Set the listing down again exactly, please, apart from its pictures.

## SUPPLIED DATA
"""

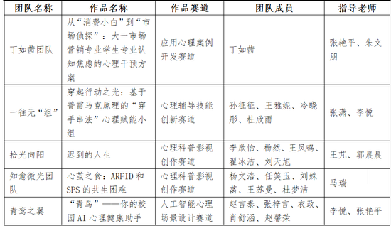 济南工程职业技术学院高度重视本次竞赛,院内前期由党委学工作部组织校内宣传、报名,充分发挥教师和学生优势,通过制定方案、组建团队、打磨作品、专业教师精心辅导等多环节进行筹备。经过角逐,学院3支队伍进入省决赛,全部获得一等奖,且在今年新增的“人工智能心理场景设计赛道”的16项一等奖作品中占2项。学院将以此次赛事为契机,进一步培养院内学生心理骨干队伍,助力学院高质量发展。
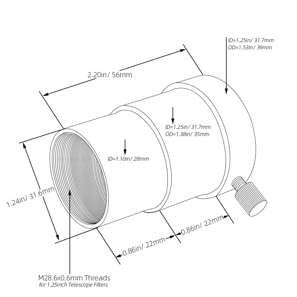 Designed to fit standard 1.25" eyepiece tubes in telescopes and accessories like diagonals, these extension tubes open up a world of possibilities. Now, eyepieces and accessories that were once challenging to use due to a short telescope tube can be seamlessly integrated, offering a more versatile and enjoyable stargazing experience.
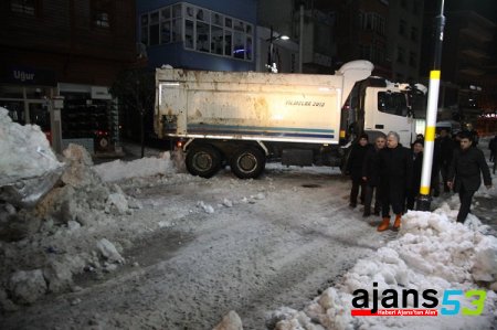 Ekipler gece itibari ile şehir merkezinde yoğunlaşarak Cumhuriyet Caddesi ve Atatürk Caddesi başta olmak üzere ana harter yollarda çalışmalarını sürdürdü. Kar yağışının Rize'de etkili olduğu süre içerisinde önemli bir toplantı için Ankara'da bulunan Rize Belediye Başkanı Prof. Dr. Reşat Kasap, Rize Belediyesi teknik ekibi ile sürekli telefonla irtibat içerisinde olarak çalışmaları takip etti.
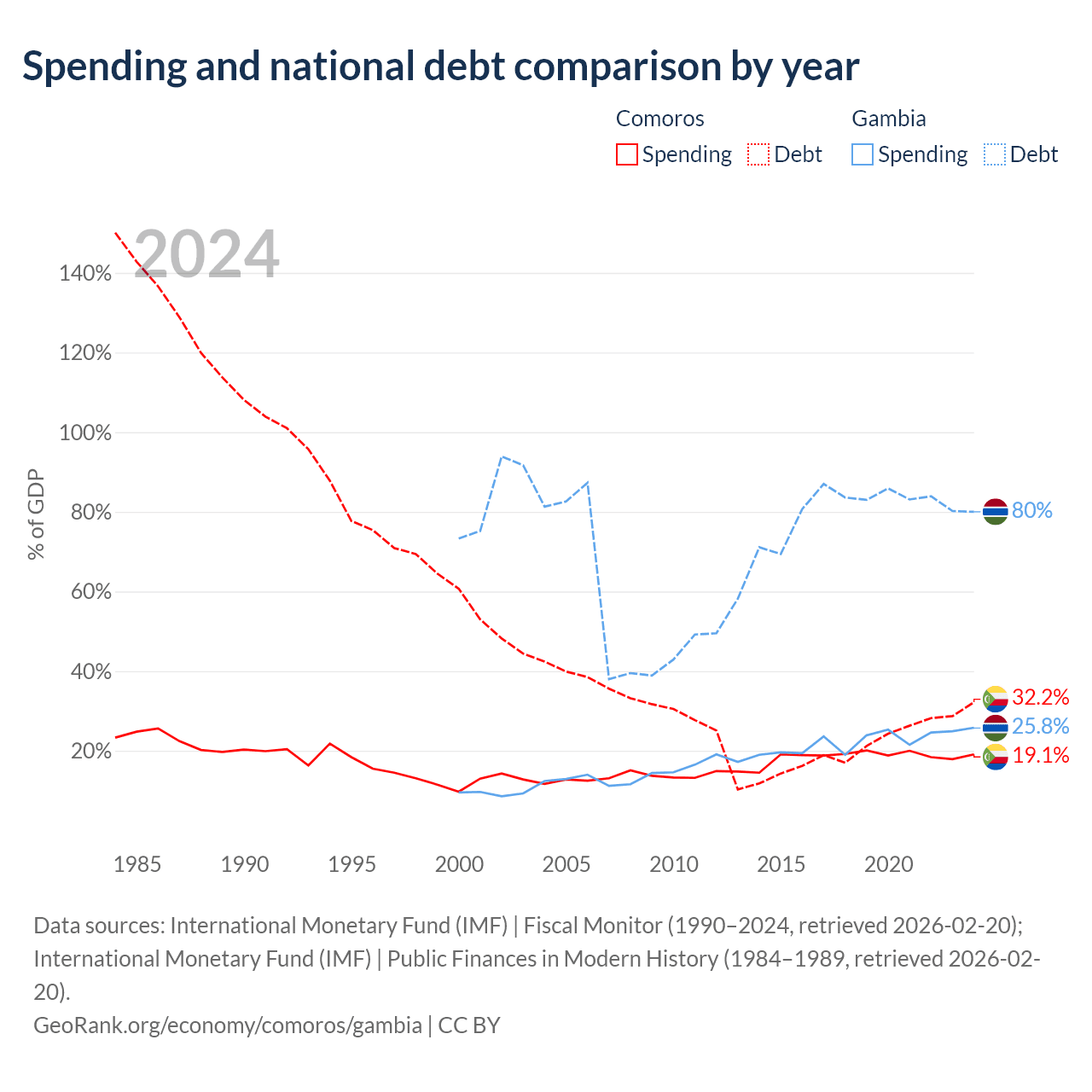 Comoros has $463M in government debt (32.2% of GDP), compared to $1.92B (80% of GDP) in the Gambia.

"""

## SOLUTION TO THIS EXERCISE
 济南工程职业技术学院高度重视本次竞赛,院内前期由党委学工作部组织校内宣传、报名,充分发挥教师和学生优势,通过制定方案、组建团队、打磨作品、专业教师精心辅导等多环节进行筹备。经过角逐,学院3支队伍进入省决赛,全部获得一等奖,且在今年新增的“人工智能心理场景设计赛道”的16项一等奖作品中占2项。学院将以此次赛事为契机,进一步培养院内学生心理骨干队伍,助力学院高质量发展。
 Designed to fit standard 1.25" eyepiece tubes in telescopes and accessories like diagonals, these extension tubes open up a world of possibilities. Now, eyepieces and accessories that were once challenging to use due to a short telescope tube can be seamlessly integrated, offering a more versatile and enjoyable stargazing experience.
 Ekipler gece itibari ile şehir merkezinde yoğunlaşarak Cumhuriyet Caddesi ve Atatürk Caddesi başta olmak üzere ana harter yollarda çalışmalarını sürdürdü. Kar yağışının Rize'de etkili olduğu süre içerisinde önemli bir toplantı için Ankara'da bulunan Rize Belediye Başkanı Prof. Dr. Reşat Kasap, Rize Belediyesi teknik ekibi ile sürekli telefonla irtibat içerisinde olarak çalışmaları takip etti.
 Comoros has $463M in government debt (32.2% of GDP), compared to $1.92B (80% of GDP) in the Gambia.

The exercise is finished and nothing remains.